At EL TARRO I was able to trial a first draft of the Backgammon piece. The context of this season of EL TARRO was rather different though.

 

They collaborated with the Samba Cine Club and organised a bigger event at thousandpoundbend in the city. The vibe was great, the event successful, especially since enough people who paid $10 at the door had attended and they could pay each of the performers a relatively rewarding fee for their efforts. But essentially, it was exciting and happening; it was a party.

 

The audience members were then made up of people who had come because they know of EL TARRO, people who knew about the Samba Cine Club and was interested in the film screening on the night and then people who had heard about it through friends and what not, and was up for a taste of South America on a Friday night.

 

Being situated downstairs so that I could invite the “stragglers” to join me for a game of Backgammon – this means people who mingled downstairs and did not go upstairs for the other performances for the night or the film screening – I was right in the midst of a very social, “party” environment. The context of the work was distinctly different.

 

For one, the participants I had did not know it was a performance they were partaking in till I had told them at the end. And I had invited them to the game, as the game itself and had not consciously considered the context enough, perhaps assuming that everyone there had known that this was a night of small performances.

 

This rather social context though, I thoroughly enjoyed.
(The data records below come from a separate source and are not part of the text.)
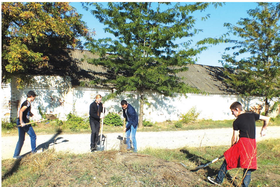
на фото: воспитанники центра «Аист» провели субботник

Идею сделать город чище и благоустроеннее уже поддержали многие городские общественные и образовательные организации.
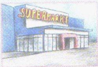
a im Supermarkt.
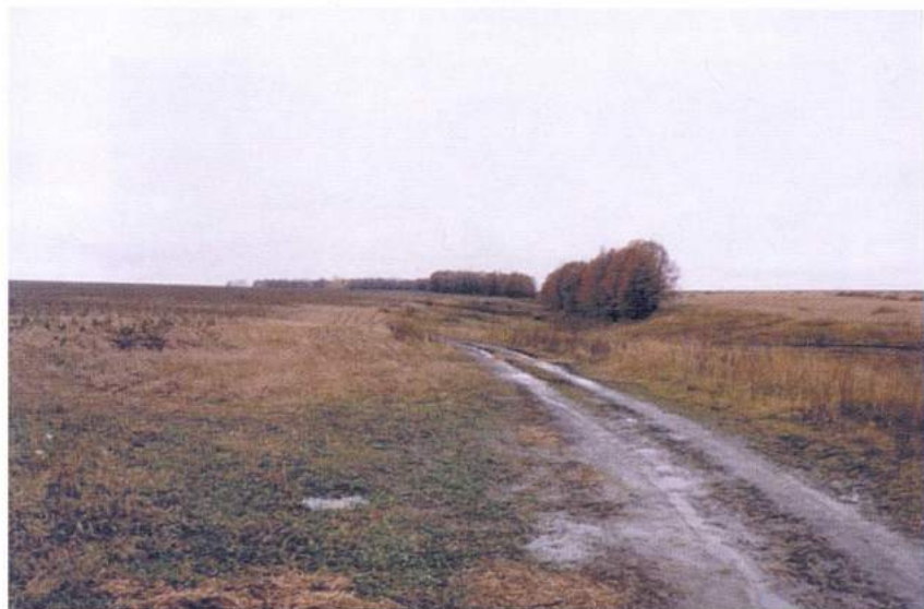
Рис. 23. Куликово поле. Место битвы, центральный объект
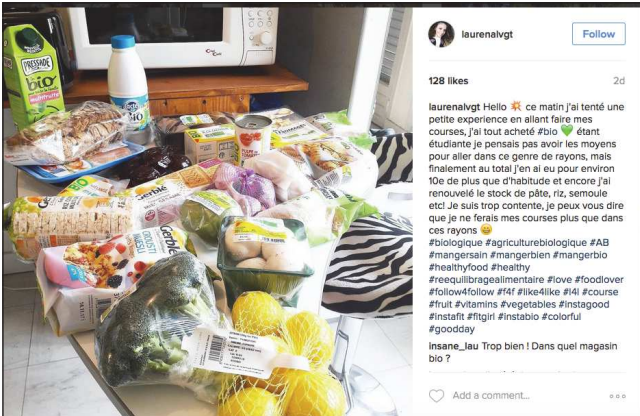
laurenalvtg Follow 128 likes 2d laurenalvtg Hello 🍌 ce matin j'ai tenté une petite expérience en allant faire mes courses, j'ai tout acheté #bio 🍌 étant étudiante je pensais pas avoir les moyens pour aller dans ce genre de rayons, mais finalement au total j'en ai eu pour environ 10€ de plus que d'habitude et encore j'ai renouvelé le stock de pâte, riz, semoule etc! Je suis trop contente, je peux vous dire que je ne ferais mes courses plus que dans ces rayons 🍌 #biologique #agriculturebiologique #AB #mangersain #mangerbien #mangerbio #healthyfood #healthy #reequilibragealimentaire #love #foodlover #follow4follow #14 #like4like #14 #course #fruit #vitamins #vegetables #instagood #instafit #fitgirl #instabio #colorful #goodday insane_lau Trop bien ! Dans quel magasin bio ?
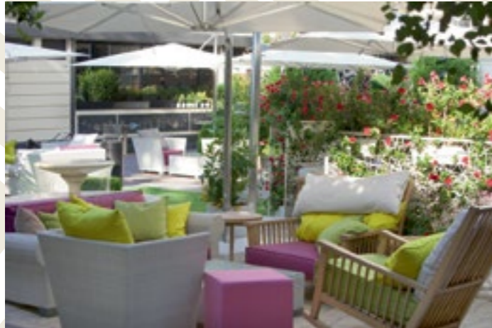
The Residence Exclusive Club, Sofia, Bulgarien
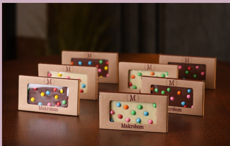
Barra Kids 35g Chocolate ao leite ou branco com confeitos coloridos CÓD 1411 - R$ 8,50
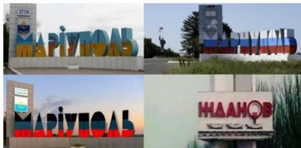
Переименование города Жданов в Мариуполь, 1991 г.
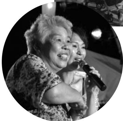
ヤットサー ヤットサー
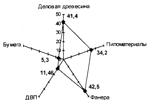
Рис. 2. Доля экспорта в объеме производства отдельных видов продукции ЛПК Вологодской области в 2002 г. (в %).

в объемах, опережающих спрос на внутреннем рынке. В результате этого при сокращении экспорта хвойных круглых лесоматериалов на 16% (к уровню 1999 г.) доля экспорта
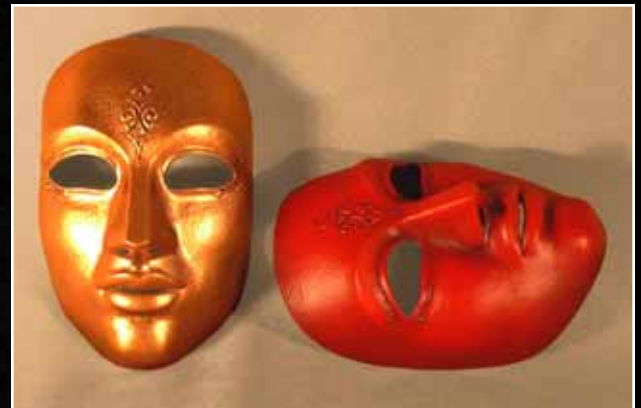
Neutre Décoré Moyen Neutral Decorated Medium 75$
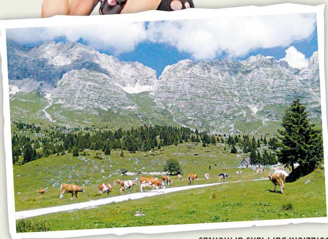
Soluzion: Sui Plans di Montàs
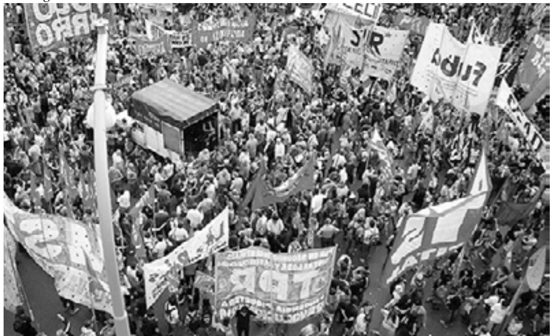
La respuesta unitaria fue contundente.
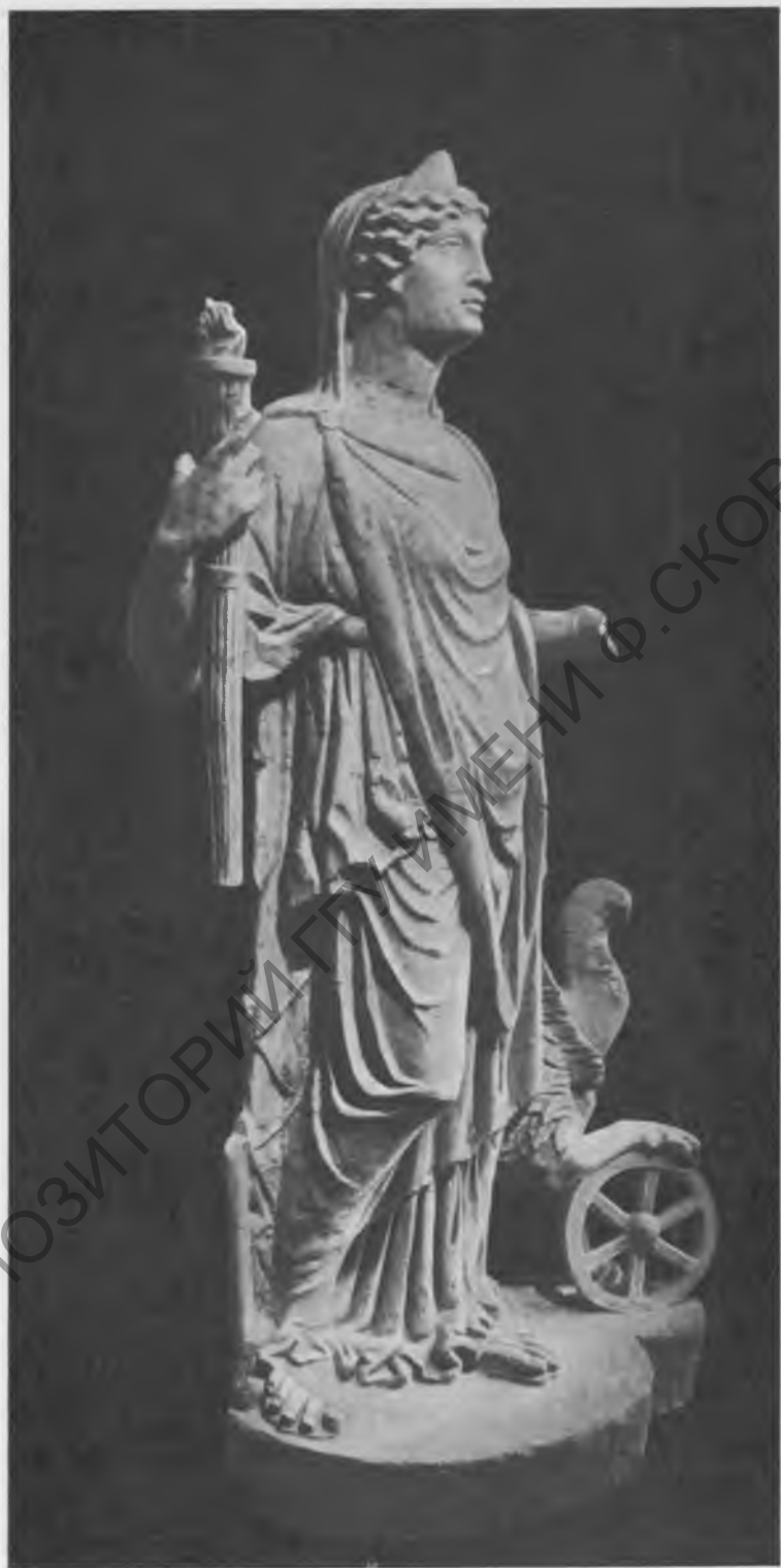
Рис. 5. Аквинкум. Статуя Немезиды (вторая половина II в. н. э.)

But it did shed light on certain things I must now begin to excavate and understand, and make some decisions on.

 

In that intimate, private and quiet experience between 2 people – there are inherent differences in the relationships between men and women. There seems to be inherently a sense of competition when you put 2 women in a room – and you see this in the workplace, back in school, in a new group of friends gathering…when you put a man and a woman together though, there seems to be inherently the question of attraction, or un-attraction.

 

An audience member from Friday night admitted that he had wanted to ask for my number. And I really appreciate his frankness in our “post-show dialogue,” and while that was a flattering comment, I replied that I do find that a tricky territory to navigate. He then expressed that it was in the risk of that vulnerability and openness that made the work, work.

 

And it is this that has opened all these thoughts tonight.
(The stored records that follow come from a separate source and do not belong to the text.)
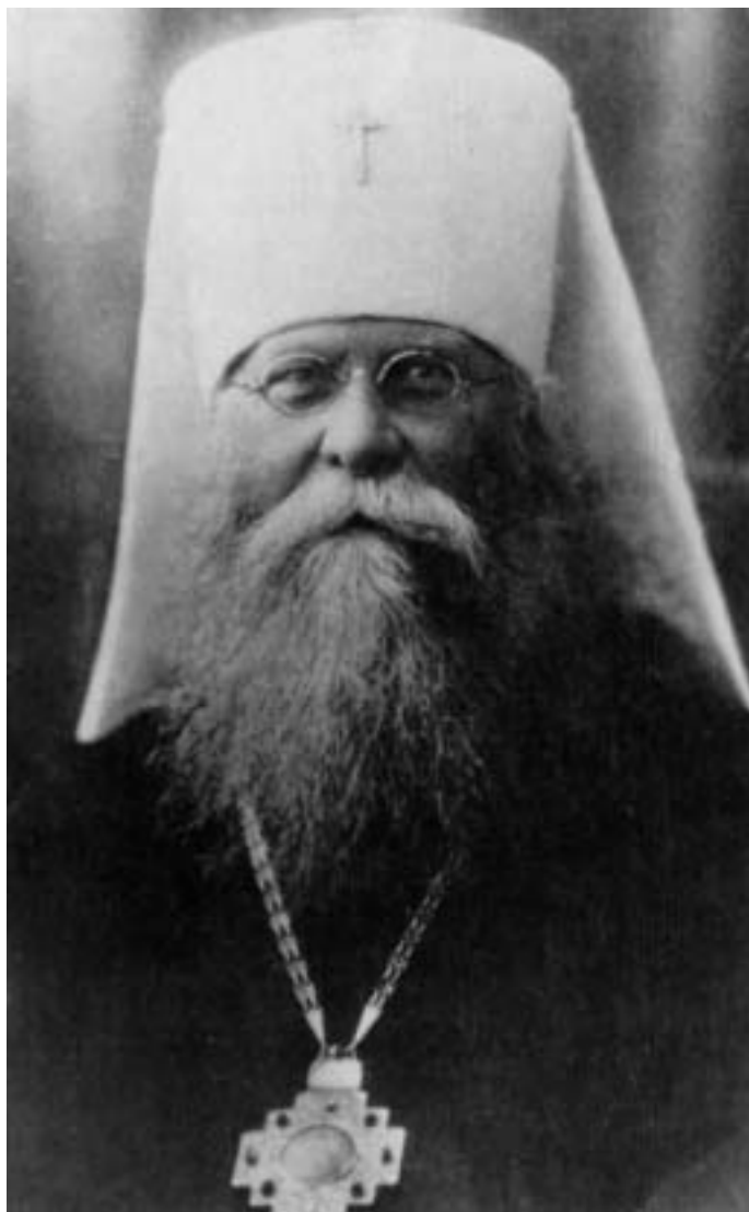
Митрополит Иосиф (Петровых)
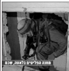
מחנה הפליטים באלטה, שכם

נקודה נוספת למחשבה. כל העת מנסים גורמים מסויימים לערער את כדאיות התגובה הצבאית, כשהם מציינים כדבר ודאי שבפעולה צבאית שוב ייפגעו חיילינו (ח"ו), ובמילא אין כדאי לחשוב בכיוון כזה וכו'. והנה מתברר, כי המציאות למרבית הפלא היא בדיוק הפוכה.
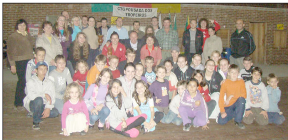
CTG Pousada dos Tropeiros realiza oficina gauchesca
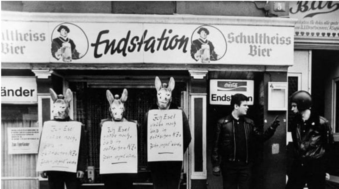
Snímek z happeningu ANS. Michael Kühnen druhý zprava.
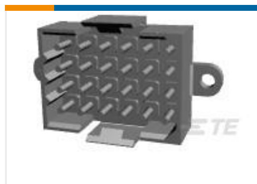
TE 系列/零件编号1-206763-3 METRIMATE PIN HEADER ASSY,24P
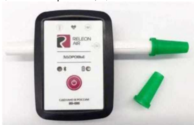
Рис 15. Датчик частоты дыхания

насадок, плотно надеваемых на дыхательную трубку (рис. 15). Диапазон измерения: от 0 до 100 циклов/мин. Разрешение: 0,5 цикла/мин.
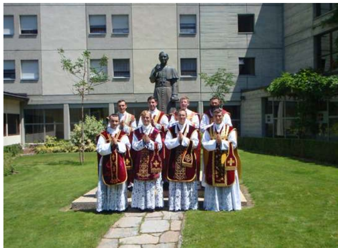
Huit nouveaux prêtres pour l'Église
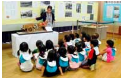
荷馬車を一心に見つめる子どもたち
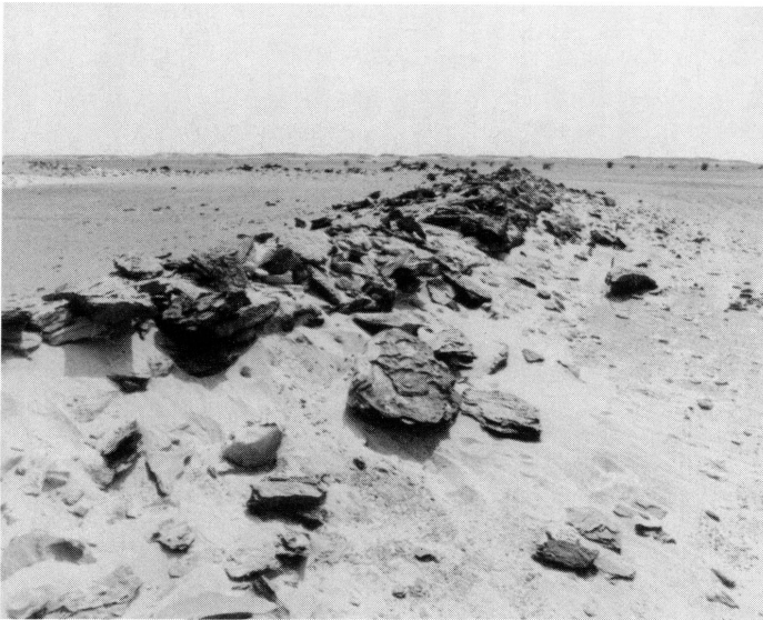
2. L'enceinte.

In constructing something that is shaped as a conversation, as 2 people simply hanging out – the inherent relationship that exists and then built (in spite of the text or theme of the content) is really what is at work here. The context of a Man, and the context of a Woman that is myself and/or the audience member need to be taken into consideration.

 

I am entering a dimension of gender studies then, am I not? And the question really, is do I explore a much more “universal” framework that accommodates both genders, and that is that possible even? Or do I capitalise on these social, gendered contexts and make the work an investigation into the male and female psyche?